* [Records to use]
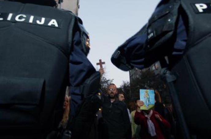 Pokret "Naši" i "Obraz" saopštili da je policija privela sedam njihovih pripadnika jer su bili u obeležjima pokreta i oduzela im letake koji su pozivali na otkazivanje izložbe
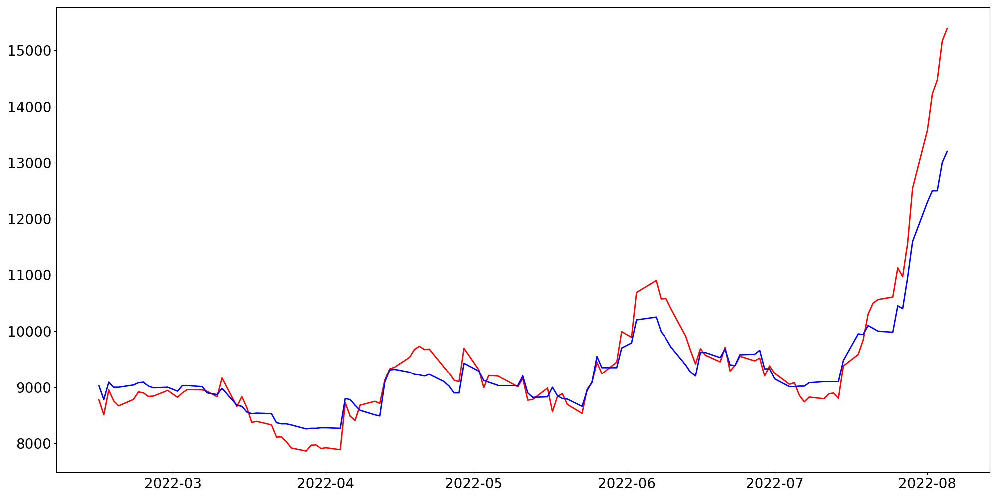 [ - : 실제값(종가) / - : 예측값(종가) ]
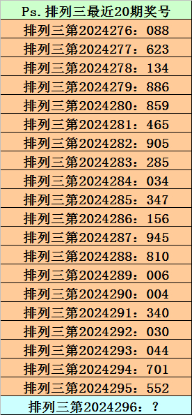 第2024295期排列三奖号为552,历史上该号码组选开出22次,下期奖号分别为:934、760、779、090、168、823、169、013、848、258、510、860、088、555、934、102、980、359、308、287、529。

==

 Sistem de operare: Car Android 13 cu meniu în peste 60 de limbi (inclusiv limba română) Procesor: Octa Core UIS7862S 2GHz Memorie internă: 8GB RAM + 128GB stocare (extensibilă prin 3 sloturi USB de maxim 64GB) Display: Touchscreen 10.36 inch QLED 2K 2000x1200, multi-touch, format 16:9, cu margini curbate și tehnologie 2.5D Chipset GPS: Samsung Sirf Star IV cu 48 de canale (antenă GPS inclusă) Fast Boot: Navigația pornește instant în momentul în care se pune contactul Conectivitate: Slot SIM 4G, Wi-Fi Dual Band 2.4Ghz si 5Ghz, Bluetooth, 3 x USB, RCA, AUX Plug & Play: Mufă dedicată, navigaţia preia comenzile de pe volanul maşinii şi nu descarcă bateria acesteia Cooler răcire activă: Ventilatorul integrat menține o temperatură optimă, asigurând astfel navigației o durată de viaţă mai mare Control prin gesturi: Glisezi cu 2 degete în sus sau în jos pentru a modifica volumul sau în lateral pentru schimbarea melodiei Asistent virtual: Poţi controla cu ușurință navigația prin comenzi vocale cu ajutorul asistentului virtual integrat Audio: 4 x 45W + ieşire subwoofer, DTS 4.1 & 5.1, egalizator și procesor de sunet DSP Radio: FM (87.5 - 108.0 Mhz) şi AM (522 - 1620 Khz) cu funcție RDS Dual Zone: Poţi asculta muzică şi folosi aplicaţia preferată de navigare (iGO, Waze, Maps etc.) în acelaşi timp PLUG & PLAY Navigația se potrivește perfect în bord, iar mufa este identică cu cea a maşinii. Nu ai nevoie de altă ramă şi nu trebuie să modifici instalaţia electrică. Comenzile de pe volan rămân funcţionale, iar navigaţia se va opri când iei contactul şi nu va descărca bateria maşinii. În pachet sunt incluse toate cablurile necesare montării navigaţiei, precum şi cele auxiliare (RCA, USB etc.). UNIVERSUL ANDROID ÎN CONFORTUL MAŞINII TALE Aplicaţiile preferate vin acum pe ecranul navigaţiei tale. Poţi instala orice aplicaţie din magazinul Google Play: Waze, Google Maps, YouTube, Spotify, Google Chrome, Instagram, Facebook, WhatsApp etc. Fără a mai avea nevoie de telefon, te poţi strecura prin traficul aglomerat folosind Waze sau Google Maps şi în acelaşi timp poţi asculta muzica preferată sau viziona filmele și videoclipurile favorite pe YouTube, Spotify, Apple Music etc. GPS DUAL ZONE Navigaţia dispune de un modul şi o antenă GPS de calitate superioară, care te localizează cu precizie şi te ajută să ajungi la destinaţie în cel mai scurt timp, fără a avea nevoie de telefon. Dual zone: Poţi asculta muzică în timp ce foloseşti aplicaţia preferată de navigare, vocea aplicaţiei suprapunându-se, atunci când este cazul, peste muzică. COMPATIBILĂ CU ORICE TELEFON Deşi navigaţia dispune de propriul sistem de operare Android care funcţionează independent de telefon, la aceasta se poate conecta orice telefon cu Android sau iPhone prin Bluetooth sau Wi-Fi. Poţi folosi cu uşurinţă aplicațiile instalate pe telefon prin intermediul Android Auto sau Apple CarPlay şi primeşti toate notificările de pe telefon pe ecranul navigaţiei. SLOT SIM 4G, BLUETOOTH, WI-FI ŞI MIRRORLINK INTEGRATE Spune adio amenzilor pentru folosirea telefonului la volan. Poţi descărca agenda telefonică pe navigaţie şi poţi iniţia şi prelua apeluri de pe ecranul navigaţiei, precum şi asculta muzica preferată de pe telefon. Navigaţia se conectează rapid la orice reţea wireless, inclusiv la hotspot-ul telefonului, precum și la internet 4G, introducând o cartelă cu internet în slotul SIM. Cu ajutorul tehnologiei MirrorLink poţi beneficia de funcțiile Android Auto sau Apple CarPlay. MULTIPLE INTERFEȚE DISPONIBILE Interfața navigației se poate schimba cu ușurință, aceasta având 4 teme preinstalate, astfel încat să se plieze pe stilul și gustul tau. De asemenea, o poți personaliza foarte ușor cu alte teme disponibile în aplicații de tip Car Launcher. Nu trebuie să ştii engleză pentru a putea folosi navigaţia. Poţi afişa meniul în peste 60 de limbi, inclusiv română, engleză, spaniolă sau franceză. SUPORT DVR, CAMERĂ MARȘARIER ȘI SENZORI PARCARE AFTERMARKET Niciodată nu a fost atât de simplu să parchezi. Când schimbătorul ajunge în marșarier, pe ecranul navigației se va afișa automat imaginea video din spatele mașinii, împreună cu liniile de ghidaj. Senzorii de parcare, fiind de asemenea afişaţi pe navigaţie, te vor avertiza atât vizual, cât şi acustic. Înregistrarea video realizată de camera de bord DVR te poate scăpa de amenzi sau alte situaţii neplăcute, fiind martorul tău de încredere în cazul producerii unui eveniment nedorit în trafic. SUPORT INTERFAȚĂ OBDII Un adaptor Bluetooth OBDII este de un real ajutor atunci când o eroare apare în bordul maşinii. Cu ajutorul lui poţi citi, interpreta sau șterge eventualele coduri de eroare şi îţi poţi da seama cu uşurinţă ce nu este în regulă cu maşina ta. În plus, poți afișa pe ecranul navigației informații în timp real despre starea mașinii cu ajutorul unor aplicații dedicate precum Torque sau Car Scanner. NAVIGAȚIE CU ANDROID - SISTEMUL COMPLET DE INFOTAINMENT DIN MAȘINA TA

* [What the exercise asks] Repeat the lines above exactly, beginning with the one containing "na otkazivanje izložbe" and finishing with the one containing "第2024295期排列三奖号". No pictures belong in the copy.

* [Exercise response]
 Pokret "Naši" i "Obraz" saopštili da je policija privela sedam njihovih pripadnika jer su bili u obeležjima pokreta i oduzela im letake koji su pozivali na otkazivanje izložbe
 [ - : 실제값(종가) / - : 예측값(종가) ]
 第2024295期排列三奖号为552,历史上该号码组选开出22次,下期奖号分别为:934、760、779、090、168、823、169、013、848、258、510、860、088、555、934、102、980、359、308、287、529。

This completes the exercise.